▶ Exercise aim: Return every entry exactly as written, with the pictures removed.

Data records
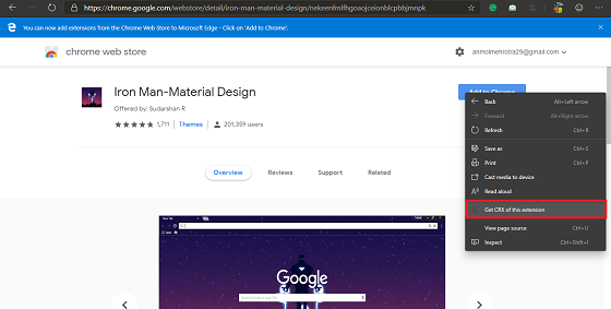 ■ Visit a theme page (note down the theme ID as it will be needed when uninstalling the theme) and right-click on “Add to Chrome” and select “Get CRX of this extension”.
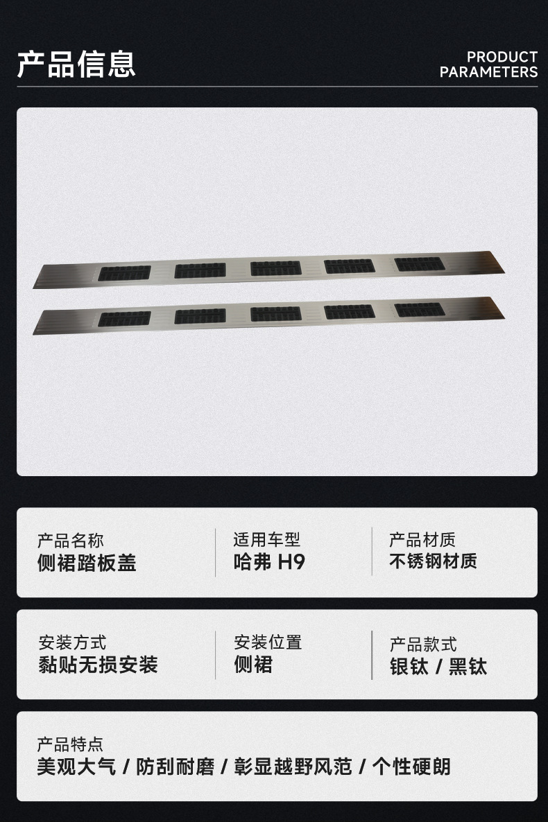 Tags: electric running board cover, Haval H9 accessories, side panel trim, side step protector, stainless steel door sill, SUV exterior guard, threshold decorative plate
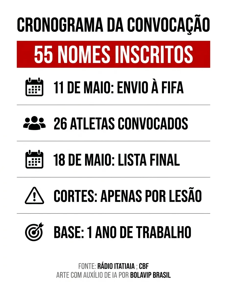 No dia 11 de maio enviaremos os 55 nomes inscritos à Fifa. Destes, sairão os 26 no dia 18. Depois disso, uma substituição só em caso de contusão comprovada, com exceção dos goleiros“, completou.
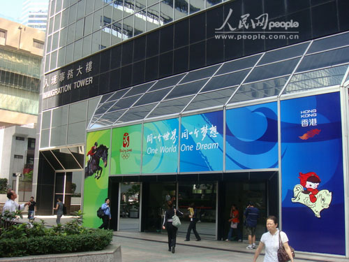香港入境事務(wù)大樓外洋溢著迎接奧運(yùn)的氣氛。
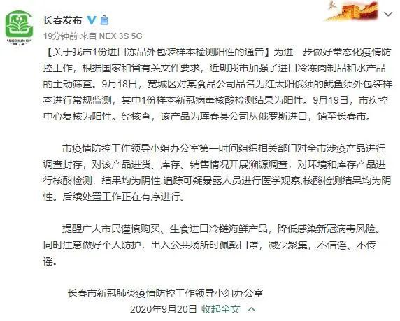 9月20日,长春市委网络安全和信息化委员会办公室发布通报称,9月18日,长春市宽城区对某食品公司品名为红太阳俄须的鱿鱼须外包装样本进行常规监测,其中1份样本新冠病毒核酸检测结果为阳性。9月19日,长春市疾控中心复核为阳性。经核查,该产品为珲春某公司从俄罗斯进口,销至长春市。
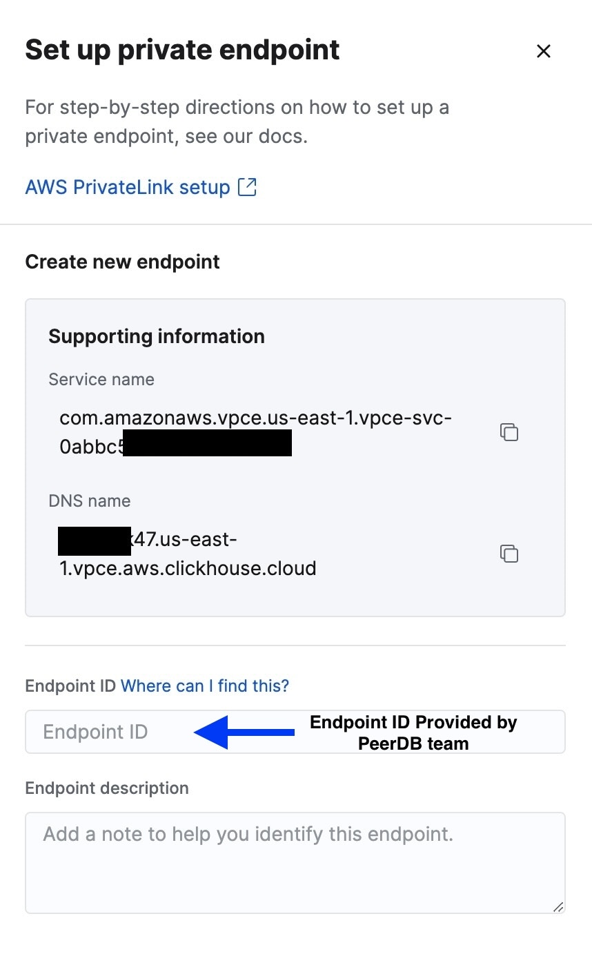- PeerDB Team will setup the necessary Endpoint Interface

▶ Solution to this problem:
 ■ Visit a theme page (note down the theme ID as it will be needed when uninstalling the theme) and right-click on “Add to Chrome” and select “Get CRX of this extension”.
 Tags: electric running board cover, Haval H9 accessories, side panel trim, side step protector, stainless steel door sill, SUV exterior guard, threshold decorative plate
 No dia 11 de maio enviaremos os 55 nomes inscritos à Fifa. Destes, sairão os 26 no dia 18. Depois disso, uma substituição só em caso de contusão comprovada, com exceção dos goleiros“, completou.
香港入境事務(wù)大樓外洋溢著迎接奧運(yùn)的氣氛。
 9月20日,长春市委网络安全和信息化委员会办公室发布通报称,9月18日,长春市宽城区对某食品公司品名为红太阳俄须的鱿鱼须外包装样本进行常规监测,其中1份样本新冠病毒核酸检测结果为阳性。9月19日,长春市疾控中心复核为阳性。经核查,该产品为珲春某公司从俄罗斯进口,销至长春市。
- PeerDB Team will setup the necessary Endpoint Interface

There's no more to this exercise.